PROBLEM STATEMENT:
Type out the complete listing below word for word, without its pictures.

━━ MATERIAL PROVIDED ━━

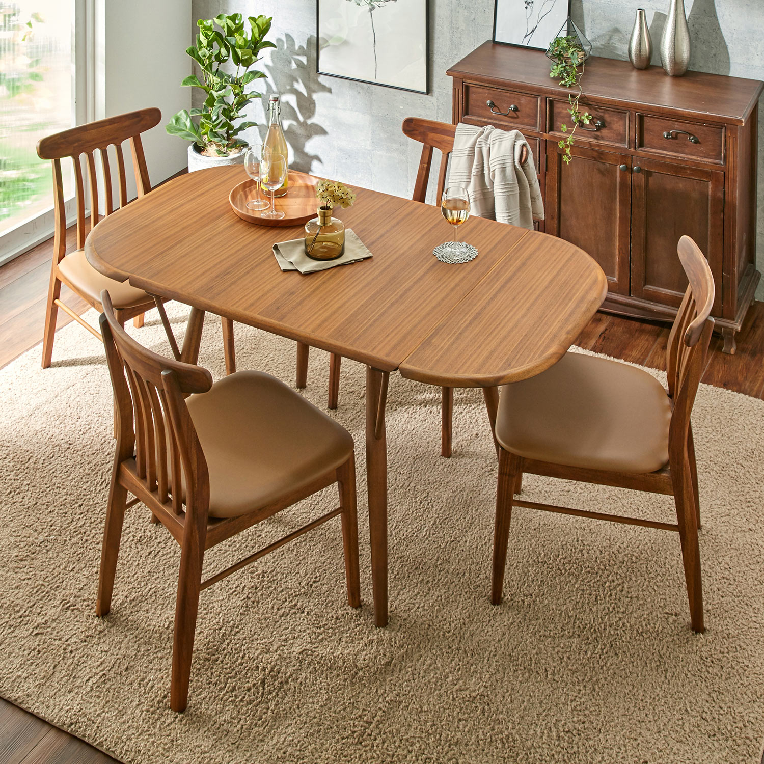 木目の塗装をしていない、ダークブラウンの家具
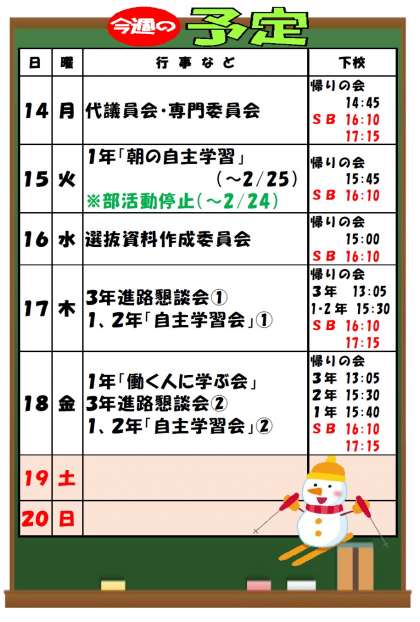 12/24( 水 ) 12月23日(火)2年生「学年集会」
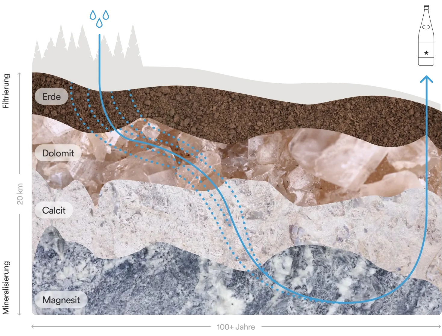 Auf seinem Weg durch Gesteinsschichten wird Regenwasser nicht nur gereinigt wie durch ein feines Sieb. Es wird auch mit Mineralstoffen wie Magnesium, Kalzium oder Natrium angereichert.
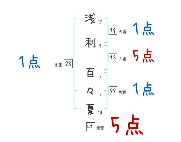 外運![]() | 浅利百々夏さんの外運は28画の1つ星!家庭環境に注意。スポーツで活躍できる能力があるかも。 生活面を象徴する運勢です。外部から受ける影響力を表し、結婚運、家庭運や職場、環境への順応性を表します。 |

━━━

SOLUTION TO THIS PROBLEM:
 木目の塗装をしていない、ダークブラウンの家具
 12/24( 水 ) 12月23日(火)2年生「学年集会」
 Auf seinem Weg durch Gesteinsschichten wird Regenwasser nicht nur gereinigt wie durch ein feines Sieb. Es wird auch mit Mineralstoffen wie Magnesium, Kalzium oder Natrium angereichert.
 外運![]() | 浅利百々夏さんの外運は28画の1つ星!家庭環境に注意。スポーツで活躍できる能力があるかも。 生活面を象徴する運勢です。外部から受ける影響力を表し、結婚運、家庭運や職場、環境への順応性を表します。 |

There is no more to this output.